One can only speculate how many of these excess deaths could’ve been avoided if we’d found ways to increase capacity – an option that was quickly dismissed as impossible and never properly investigated, even as ‘impossible’ lockdowns became totally possible – or, even more, if we’d tried to break the link between Covid and hospitalisation by urging people to bolster their immune system and supplying early treatment, at home, with already-existing drugs (ivermectin and fluvoxamine are perhaps the best known, but there are others) which have shown promising results in other countries. Again, this course of action was dismissed as mere quackery, never explored or even attempted, even as hospitals filled up and non-Covid deaths soared.
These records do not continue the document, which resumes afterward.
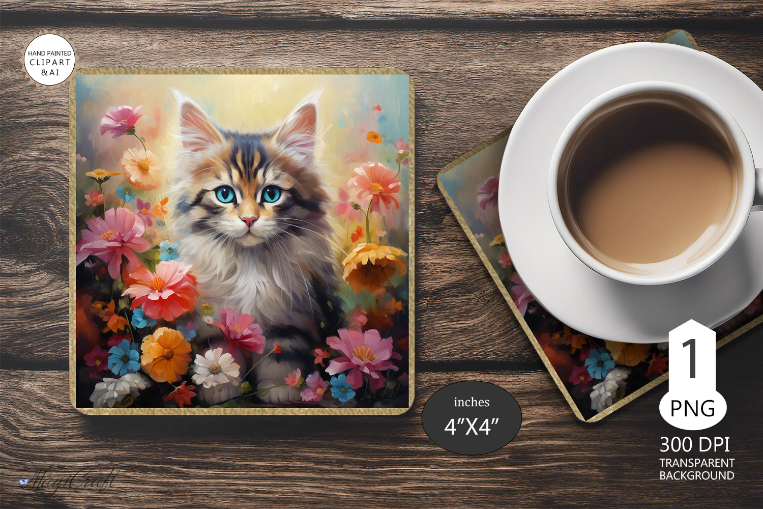 Mug coaster with Rose|cat Coaster Mug Sublimation | flowers
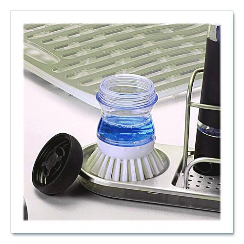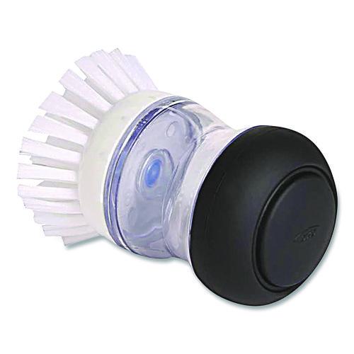 Dispense soap with a light push of a button with this OXO Good Grips soap brush. It provides more leverage for scrubbing and soap on demand. The contoured shape provides optimal comfort, and the durable nylon bristles are safe for nonstick cookware. This OXO Good Grips soap dispensing palm brush has a soft non-slip grip.
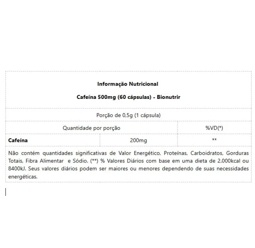 Cafeína 500mg (60 caps) - Bionutrir A cafeína em cápsulas, também conhecida como cafeína anidra, é um suplemento alimentar que serve como estimulante cerebral, podendo ser usado para melhorar o desempenho durante estudos e trabalho, além de também poder ser indicado para pessoas que praticam atividades físicas intensas como atletas e também por quem deseja emagrecer, pois acelera o metabolismo, favorece a queima de gordura e melhora a disposição. As cápsulas de cafeína são produzidas através da extração da cafeína dos alimentos por meio de um processo de desidratação e purificação, o que a torna a cafeína em cápsulas mais concentrada e, portanto, mais potente do que a cafeína normal. Além disso, ao ser ingerida, a cafeína anidra é absorvida rapidamente pelo intestino, iniciando seus efeitos estimulante Benefícios: * Melhorar a atenção e a concentração;* Melhorar a memória e a capacidade de aprendizado;* Aumentar a força e a resistência muscular;* Aumentar o desempenho da atividade física;* Diminuir o cansaço;* Melhorar o humor;* Estimular a disposição e o bem-estar;* Melhorar o raciocínio e a velocidade processamento da informação;* Melhorar a respiração;* Diminuir a dor de cabeça;* Reduzir a percepção de dor.
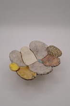 三重県で作陶する中田篤さんの平椀。 釉薬に漆を使用する事によるマットな質感と、独特な形状と柄がアート作品のような趣き。
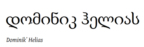 | "Dominic Helias" auf Georgisch Das ist der Name "Dominic Helias". Meiner Meinung ein ganz furchtbarer Name, aber ist ja nicht mein Kind. ;) Viel zu sagen gibt's zu der Umschrift nicht. Die Transkription in lateinischen Buchstaben steht drunter. Wenn noch jemand Dominik oder Dominic suchen sollte, dann kann er einfach das linke nehmen und den Rest weglassen. |
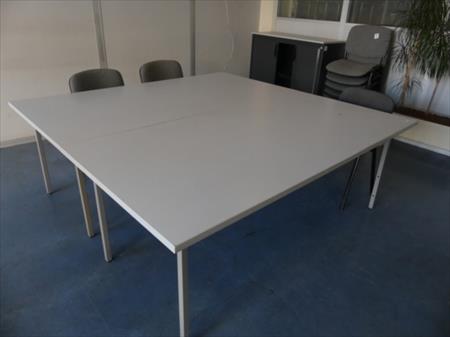 Tables Dimensions : 100 cm x 200 cm x 73 cm Quantité : 2 Chaises Piètement métallique Assise et dossier tissu Quantité : 8 Porte-manteaux Hauteur : 175 cm

The ‘collateral damage’ theory is probably the one that best fits our data – yet the sheer number of excess deaths remains surprising. Can there really have been so many critically ill non-Covid patients deprived of a hospital bed – in mid-summer, no less, and without tourists to pad out the numbers – to result in 353 deaths within a fortnight (Weeks 31 and 32), when the usual number is about 200? Numbers don’t lie, yet it still seems extraordinary.

Was there some reporting lag? Might the numbers have been bunched up in some way? And how does all this square with George Melas’ experience of consistently higher deaths since the beginning of the year?

Ultimately, we can only go back to the observation that kicked off this article. More people died in 2021 than in previous years – not just in Cyprus, but all over Europe and the US – and no-one is entirely sure why.